§ **What you need to do**:
Output every entry below exactly, without its pictures.

Extracted data entries
-=-=-

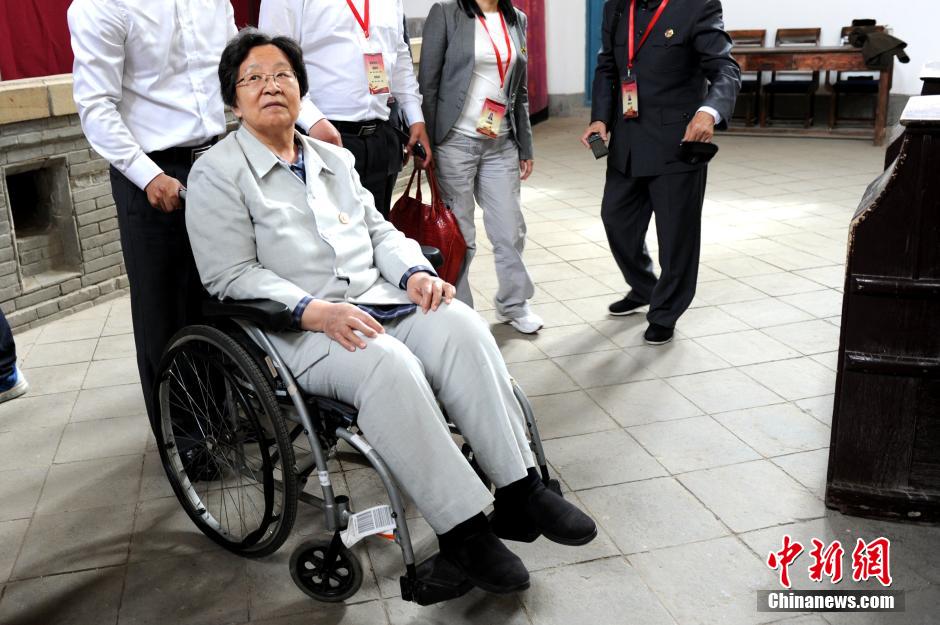 5月20日,毛主席之女李讷前来陕北参加“毛主席亲属与身边工作人员重走毛主席转战陕北路”活动,除了有李讷及丈夫王景清外,还有当年跟随毛主席转战陕北的电报员李锦华,毛主席身边工作人员王明富、陈长江、曾文等。当日,李讷等人一行先后参观了延安枣园革命旧址和杨家岭革命旧址。李讷是毛泽东和江青的女儿,1940年出生于延安。张远 摄
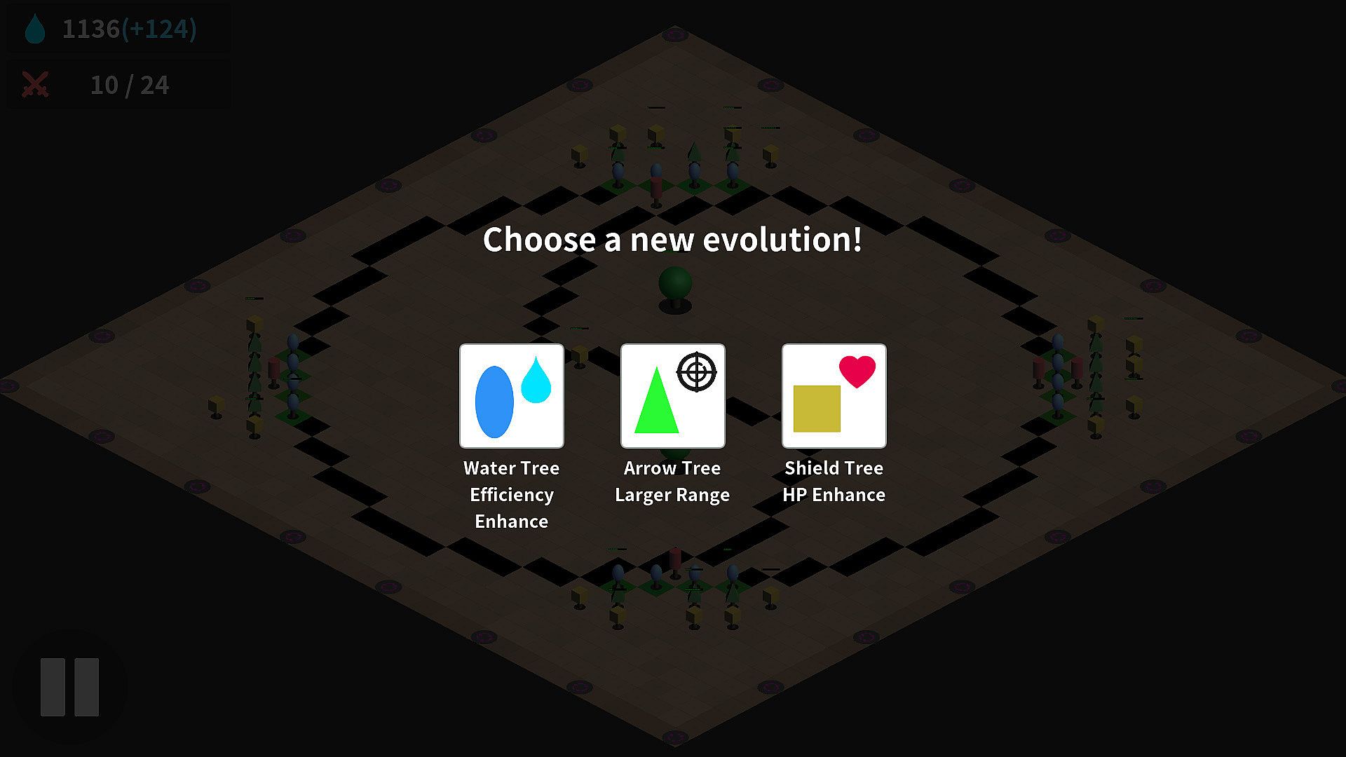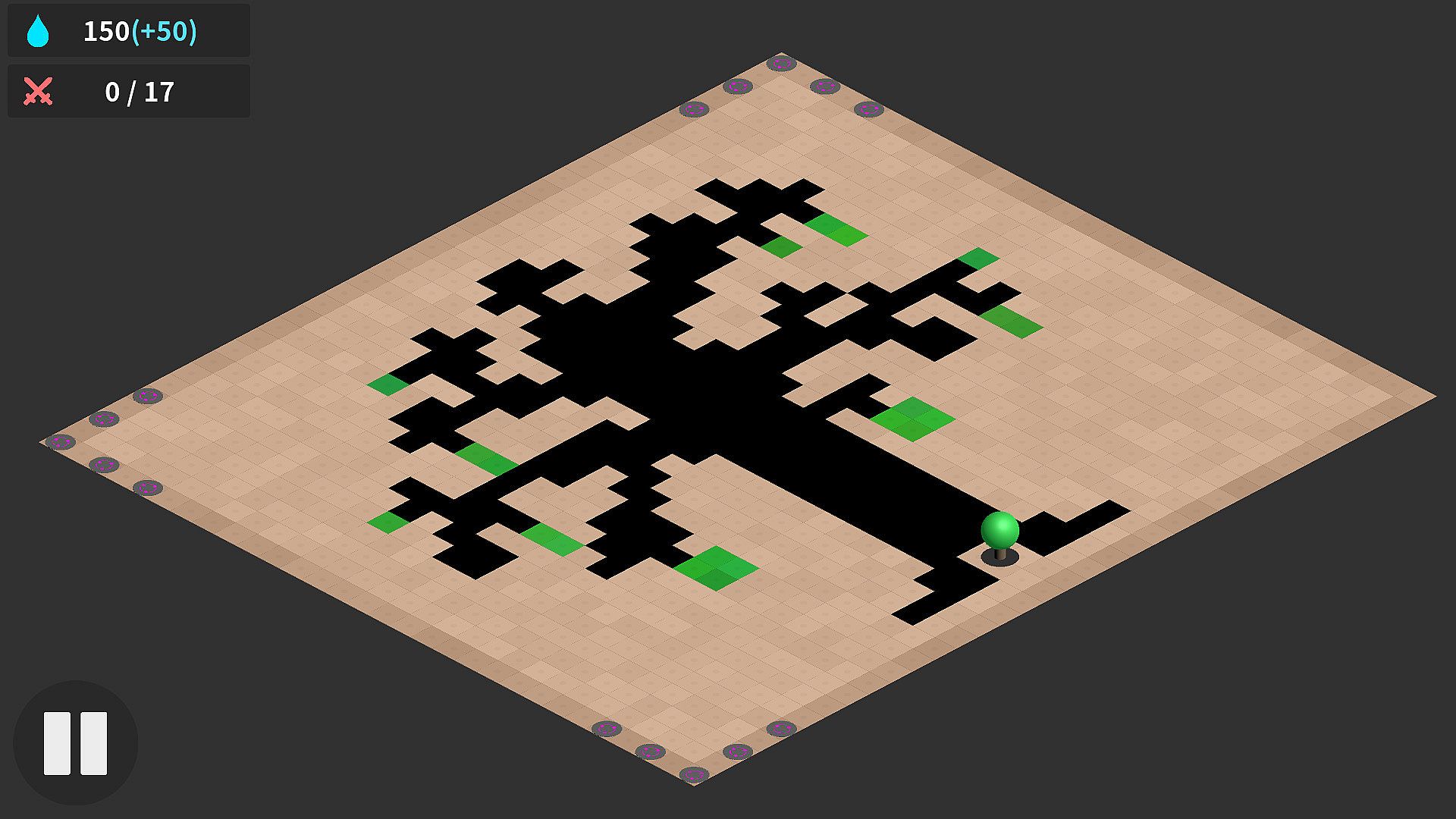 Oasis Defense is a minimalist tower defense game. It is very easy to start. You will plant trees to fight against the ghost army, and choose your own evolutionary path among the random gained rewards to protect your oasis.
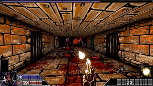 В пиксельных коридорах вам повстречаются различные враги, в том числе летающие демоны и пятиэтажные роботы, а также крупные боссы на огромных аренах (всего противников 72 вида). Справиться с ним позволит арсенал из тридцати восьми видов оружия, от клинков до больших «пушек» и восьми заклинаний.
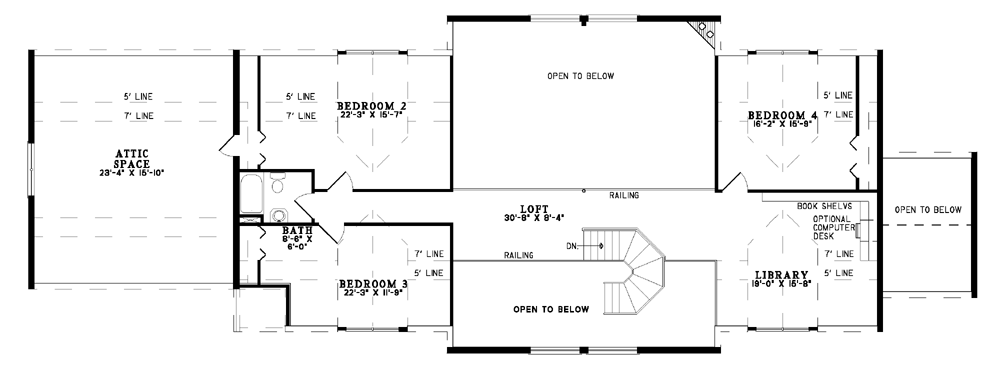 On the right side of The Bradford, you will find your luxurious Master Suite. The huge master bedroom looks out onto the front porch and deck and even accesses a private rear porch adjoining one of the rear decks. A huge walk-in closet provides storage space for all your wardrobe essentials, and your Master Bath has tons of counterspace with dual sinks, a corner shower, and a corner whirlpool tub, all catered to your rest and relaxation. Upstairs is the perfect space for the kids! A spacious Loft lies in the center, leading way to Bedrooms 2 and 3 on the left, with a hall bath in between. Bedroom 2 is the largest of the upstairs bedrooms and features access to a huge attic space, while Bedroom 4 on the right enjoys the largest closet. Across from Bedroom 4 is a charming Library, complete with book shelves and an optional computer desk. There is plenty of room for the kids to set up bean bag chairs and read the day away! How would you customize this amazing house plan?
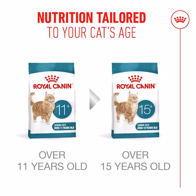 Designed for—and tested with—senior cats, ROYAL CANIN® Ageing 11+ features easy-to-eat kibble to give your cat an enjoyable mealtime experience. This formula, featuring our HealthyAge7™ Complex, provides a precise nutritional blend designed to help maintain seven key dimensions of health and vitality in senior cats: Appetite and weight: Highly palatable and energy-rich to support a healthy appetite and help maintain an ideal weight.
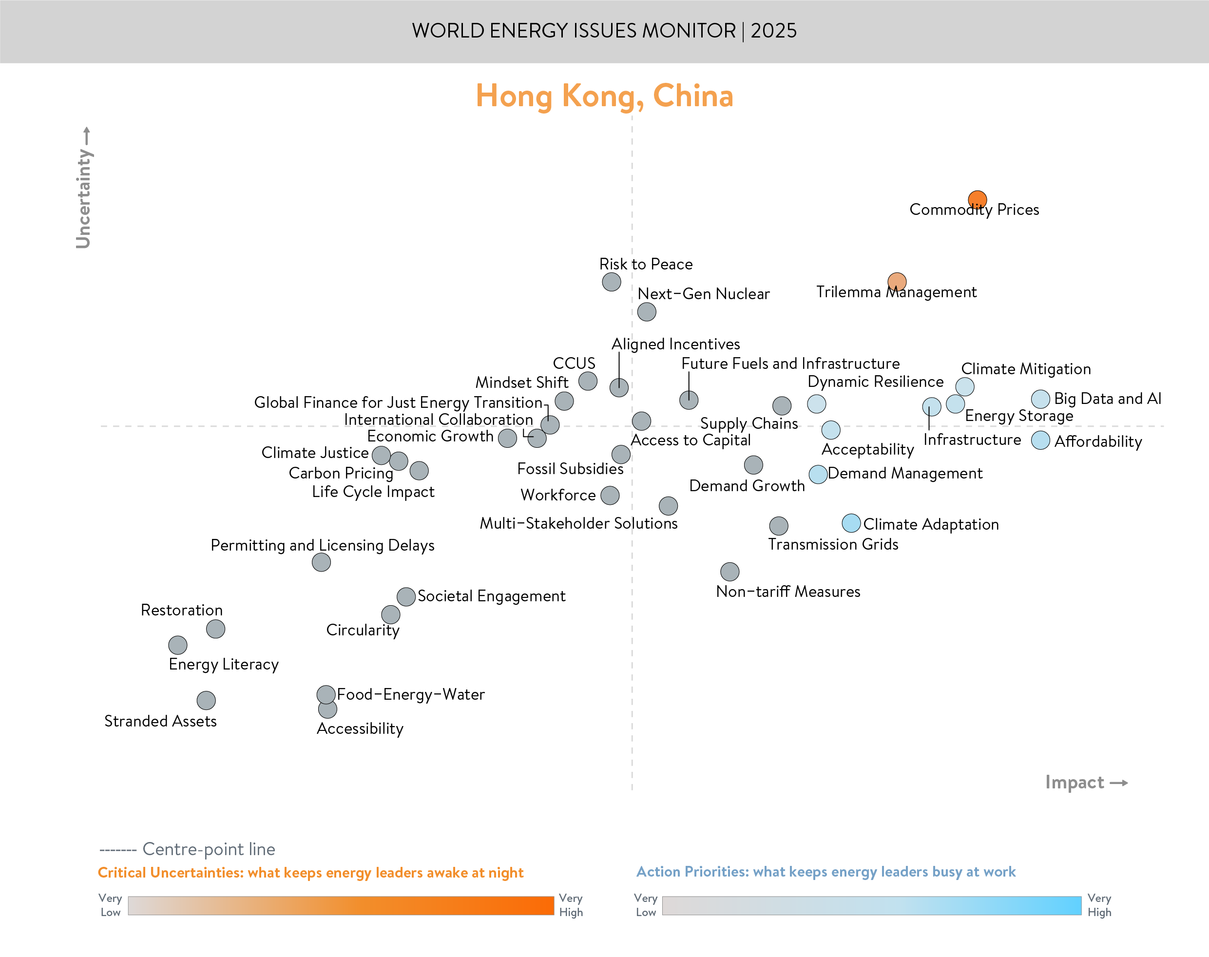 Since the last iteration of the World Energy Issues Monitor, plans to diversify energy sources have continued by increasing the use of natural gas to displace coal for electricity generation, commencing operation of the first offshore LNG terminal and importing more zero-carbon energy from Mainland China through regional cooperation. Despite these steps forward, uncertainty remains. This sentiment is largely due to prices of LNG being subject to global market dynamics, geopolitical tensions, and supply chain disruptions. Over a longer time horizon, the development of green hydrogen to decarbonise hard-to-abate sectors, including blending hydrogen into natural gas for power generation, is in progress. The success of these initiatives depends on the eventual availability and affordability of green hydrogen and its derivatives. Commodity prices therefore remain a critical uncertainty in the 2025 Hong Kong Energy Issues Map.

-=-=-

§ **Answer section**:
 5月20日,毛主席之女李讷前来陕北参加“毛主席亲属与身边工作人员重走毛主席转战陕北路”活动,除了有李讷及丈夫王景清外,还有当年跟随毛主席转战陕北的电报员李锦华,毛主席身边工作人员王明富、陈长江、曾文等。当日,李讷等人一行先后参观了延安枣园革命旧址和杨家岭革命旧址。李讷是毛泽东和江青的女儿,1940年出生于延安。张远 摄
 Oasis Defense is a minimalist tower defense game. It is very easy to start. You will plant trees to fight against the ghost army, and choose your own evolutionary path among the random gained rewards to protect your oasis.
 В пиксельных коридорах вам повстречаются различные враги, в том числе летающие демоны и пятиэтажные роботы, а также крупные боссы на огромных аренах (всего противников 72 вида). Справиться с ним позволит арсенал из тридцати восьми видов оружия, от клинков до больших «пушек» и восьми заклинаний.
 On the right side of The Bradford, you will find your luxurious Master Suite. The huge master bedroom looks out onto the front porch and deck and even accesses a private rear porch adjoining one of the rear decks. A huge walk-in closet provides storage space for all your wardrobe essentials, and your Master Bath has tons of counterspace with dual sinks, a corner shower, and a corner whirlpool tub, all catered to your rest and relaxation. Upstairs is the perfect space for the kids! A spacious Loft lies in the center, leading way to Bedrooms 2 and 3 on the left, with a hall bath in between. Bedroom 2 is the largest of the upstairs bedrooms and features access to a huge attic space, while Bedroom 4 on the right enjoys the largest closet. Across from Bedroom 4 is a charming Library, complete with book shelves and an optional computer desk. There is plenty of room for the kids to set up bean bag chairs and read the day away! How would you customize this amazing house plan?
 Designed for—and tested with—senior cats, ROYAL CANIN® Ageing 11+ features easy-to-eat kibble to give your cat an enjoyable mealtime experience. This formula, featuring our HealthyAge7™ Complex, provides a precise nutritional blend designed to help maintain seven key dimensions of health and vitality in senior cats: Appetite and weight: Highly palatable and energy-rich to support a healthy appetite and help maintain an ideal weight.
 Since the last iteration of the World Energy Issues Monitor, plans to diversify energy sources have continued by increasing the use of natural gas to displace coal for electricity generation, commencing operation of the first offshore LNG terminal and importing more zero-carbon energy from Mainland China through regional cooperation. Despite these steps forward, uncertainty remains. This sentiment is largely due to prices of LNG being subject to global market dynamics, geopolitical tensions, and supply chain disruptions. Over a longer time horizon, the development of green hydrogen to decarbonise hard-to-abate sectors, including blending hydrogen into natural gas for power generation, is in progress. The success of these initiatives depends on the eventual availability and affordability of green hydrogen and its derivatives. Commodity prices therefore remain a critical uncertainty in the 2025 Hong Kong Energy Issues Map.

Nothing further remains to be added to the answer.